I seem to have acquired plenty more infantry - nearly three battalions' worth here:

The division was fairly well set-up to resist enemy armour - here are some 47mm weapons of the divisional anti-tank batteries.

Then we have the artillery.  Lots of Mle1897 75mm guns:

And a regiment of 105mm guns as well:

Having painted some spare trucks and half-tracks I have a logistics train, sort of...

...and a few assorted supporting types; a platoon of Chasseurs Alpins, a Renault FT-17, and a Char d'Assault 2c.

Finally there's a bit of air support.  Two Bloch and one Breguet light bombers and Moraine Saulnier fighter:

I think, to be honest, I've probably got too much stuff.  I'd certainly struggle to use all of the infantry unless we do a really large game.

Next target is to get my 1940 German army similarly based.

Tuesday, June 2, 2015

Action At Macho Grande

So we played our first game of Sharp Practice for some time this weekend.  As I was umpiring and struggling to remember the rules, I didn't take too many photos.  Here's an atmospheric black and white shot of the table.

Gus with two nine man groups of 95th Rifles started on the left between the wheat field and the cabbage field. Arthur (with a group of British Light Dragoons and the overall British commander, Major McLeod) began behind the woods on the right.

Jamie, who had a unit of French Dragoons and the escaping Colonel Lamarck with his wagon and mules, began on the road in the middle of the village of Macho Grande.

Andy meanwhile had a large force with two French guns atop the far cliffs and 40 fusiliers at their base.

The Colonel's mule train and dragoons escort just had to make a dash for the cliffs at the far end of the table where the French Artillery, and safety, awaited.

Jamie got the chance to move first and immediately moved his Dragoons to occupy the houses to the left (west) side of the road.  This would prove vital later. Andy meanwhile began a general advance with his infantry.

To the east of the road, Arthur moved his light dragoons up through a cornfield towards the village.  It looked like he would be best placed to intervene to stop Lamarck's caravan.  Gus moved towards the two houses making up the western side of Macho Grande.  His first group launched an attempt to storm the bigger (northern) house but they were weakened by the dragoons' carbine fire and artillery fire from the hills.  They failed on their first attempt to fight there way in at sword-point (rifles fix swords, not bayonets).

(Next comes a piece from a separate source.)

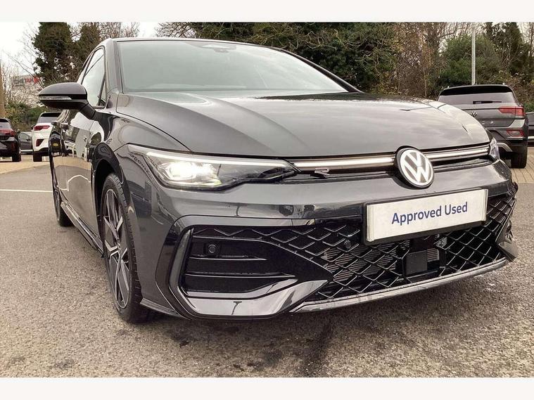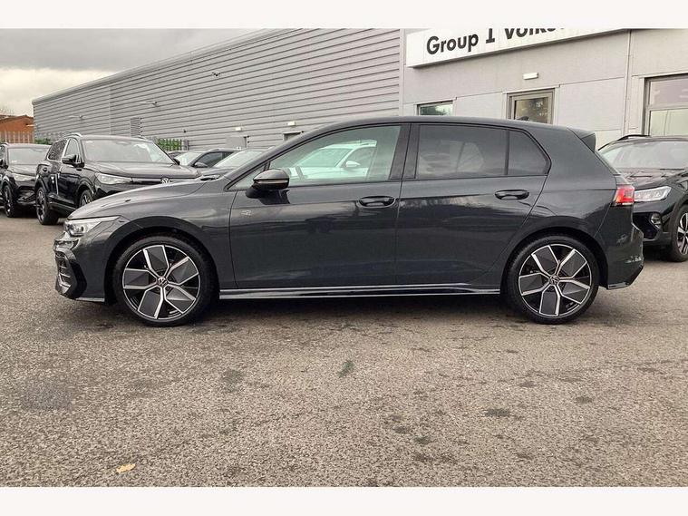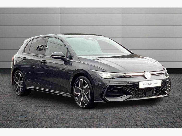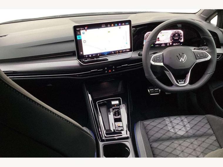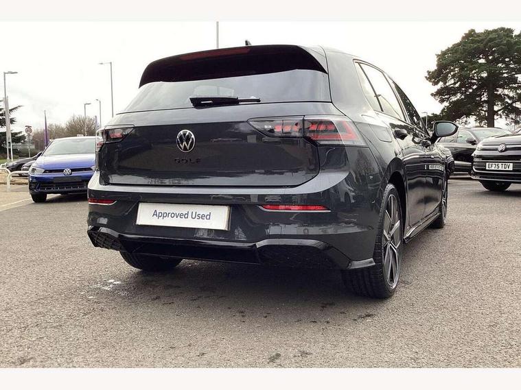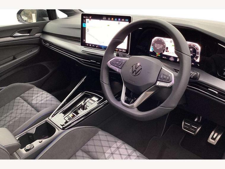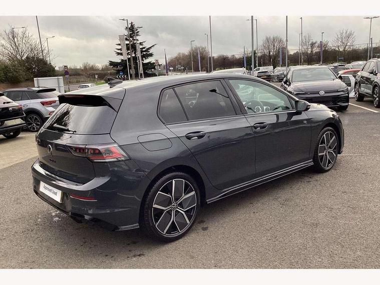 Activated carbon canister, Adaptive cruise control (ACC), Advanced driver attention and drowsiness monitor, Dynamic road sign display, Dynamic steering, E-Sim card for online connectivity, eCall emergency call system, Multi-color Digital cockpit pro, selection of different info profile possible, Multifunction front facing camera for distance control, Navigation system, Oncoming vehicle braking when turning including swerve support, Speed limiter, Speedo, rev counter, electronic odometer, trip, service interval display, exterior temperature and fuel gauge, Traffic jam assist, Voice enhancer and voice control, Warning signal and warning light for front and rear seatbelts not fastened, We connect plus preparation, We connect preparation, Wireless app connect, Hybrid propulsion system, Petrol Particulate Filter, Start-stop system with battery regeneration (recuperation - energy recovery during braking), XDS electronic differential lock for improved traction and handling, 2 USB C ports in front, 2 USB charging sockets on the centre console in the rear charging capacity upto 45W, Digital radio reception (DAB), Diversity antenna for FM reception, Gaming platform via car app, Infotainment system with 12.9" display, Mobile phone interface with inductive charging feature, 3rd brake light, Auto dimming rear view mirror, Automatic headlamp activation with Coming home and Leaving home feature, Body colored bumpers in R-Line style, Body colour door handles, Exterior ambient lighting, Exterior mirrors convex on the left and aspherical on the right, Front and rear electric windows, Heat insulating windshield made of laminated glass, LED separate daytime running light, Rain sensor, Rear exhaust tailpipe, Rear fog light on one side and reversing lights on both sides, Rear side wing doors, Rear windscreen washer and wiper with interval delay, Remote electrically foldable door mirrors, puddle lights and reverse activated passenger's door mirror, Volkswagen logo in front, illuminated lighting animation with wake up/goodbye scenario and illuminated door handles, Welcome light with surround lighting, 12V socket in front centre console, 12V socket in luggage compartment, 3 rear head restraints, 3 seat bench in 2nd row, Ambient lighting with 30 colour including LED light unit in front footwell with selectable light colour, Black roof lining, Brushed stainless steel pedals, Chrome plated radiator grille inserts, air vent surrounds and light switch surrounds, Door insert, side trim panel and arm support in leatherette, Front + rear black carpet mats, Front centre armrest, Front seat lumbar support adjuster, Integrated front head restraints, ISOFIX anchors for child seats on outer rear bench seats and on front passanger seat compatible for i-Size, Luggage compartment lighting, Manual height adjustable front passenger seat, Manually height adjustable driver seat, Plastic gear knob, Premium sports seats in front, Rear cupholder and loadthough, Sardegna cloth upholstery with front and outer rear seats Art Velour inner sides of bolsters, Single front passenger seat, Split folding backrest with centre armrest and unsplit rear seat bench, Sun visors with illuminated vanity mirrors, Titanium black instrument panel, Black exterior Styling package with Matrix LED headlights - Golf, Winter package - Golf DSG Estate/Hatchback, 3 point height adj front seatbelts + pretensioners, 3 rear three point seatbelts, ABS, Autonomous emergency braking front assist with pedestrian and cyclist monitoring, Child locks on rear doors, Driver and front passenger airbag with front passenger airbag deactivation, Electronic parking brake with auto hold, ESC (Electronic Stability Control), Extended pedestrian protection measures, Hill start assist, Rear disc brakes, Two tone horn, Tyre pressure loss indicator, Volkswagen roadside assistance, Anti theft wheel bolts, Preparation for alcohol interlock, Decorative inserts carbon grey for dashboard and front door trim panels, 18" Leeds alloy wheels, Tool kit for tyre mobility set, Tyre mobility kit Includes 12V compressor and tyre sealant,

While this had been going on, Andy had continually advanced his fusiliers.  He was soon able to form a line formation facing towards the wheat field Arthur's light dragoons must cross.

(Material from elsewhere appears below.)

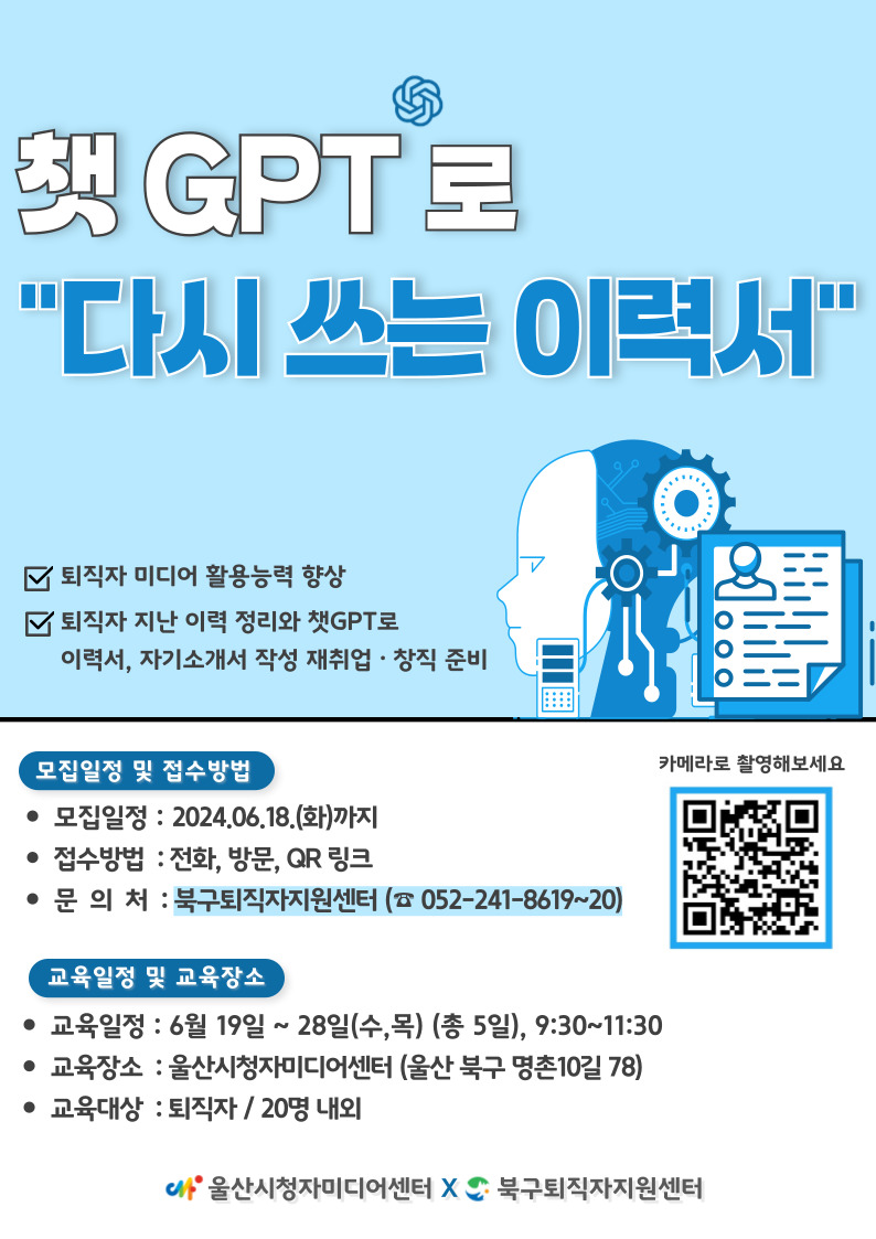 퇴직자취업지원교육과정"챗-GPT×다시 쓰는 이력서" 교육생 모집 ○ 교육기간 : 2024. 6. 19.(수) ~ 6. 28.(금) ○ 교육시간 : 수·목·금 9:30 ~ 11:30(총5강/15시간) ○ 교육장소 : 울산시청자미디어센터 강당(북구 명촌10길 78) ○ 교육목적 및 내용 : - 인공지능(AI)시대에 신중년 은·퇴직자의 미디어 활용능력 함양 - 디지털 콘텐츠를 활용한 이력서 및 포트폴리오 디자인 및 제작 - Chat-GPT활용을 통한 구직기술 습득 및 취업 온라인플랫폼 접근성 제고 접수일정: 6.10(월)~6.17(월) 접수처:북구퇴직자지원센터(북구산업로 1020 오토밸리복지센터 1층) 접수방법 : 241-8619~20 /241-8641~2 QR링크로 접수하러가기=> https://naver.me/5Ead3f3T ![]() ![]() |

Riding across the front of a formed infantry line was never going to be easy for the British horse.  By the time the photo below was taken they'd already lost two men and picked up a couple of shock points.

The cards and the dice were cruel to Arthur and he didn't get to move quickly enough to get out of the fire zone.  By the next turn he was reduced to just the two Big Men (McLeod and the light dragoon sergeant).

Unable to prevent Lamarck's escape, Arthur and Gus decided that discretion was the better part of valour and the survivors made for the bridge and safety.

Whilst I was reasonably happy with how Sharp Practice handled the action, I've come to the conclusion that the Too Fat Lardies design a good set of rules but they don't always write them well.  There were a few cases where the wording was unclear or ambiguous.

In one case we had to "reduce the number of dice rolled by two thirds (round up)".  What does that mean?  Calculate two thirds of the total (rounding up to a whole number of dice) and then deduct this from the total?  Or deduct the two thirds and then round the resulting number of dice up to a whole number?

Now you might point out that it's only one die either way and as long as you're consistent what's the worry?  But it caused confusion and slowed down the game unnecessarily while we worked out what to do.

Nonetheless the effort we've invested in relearning the rules will stand us in good stead in two weeks' time when we play another Sharp Practice game a few days before the 200th anniversary of Waterloo.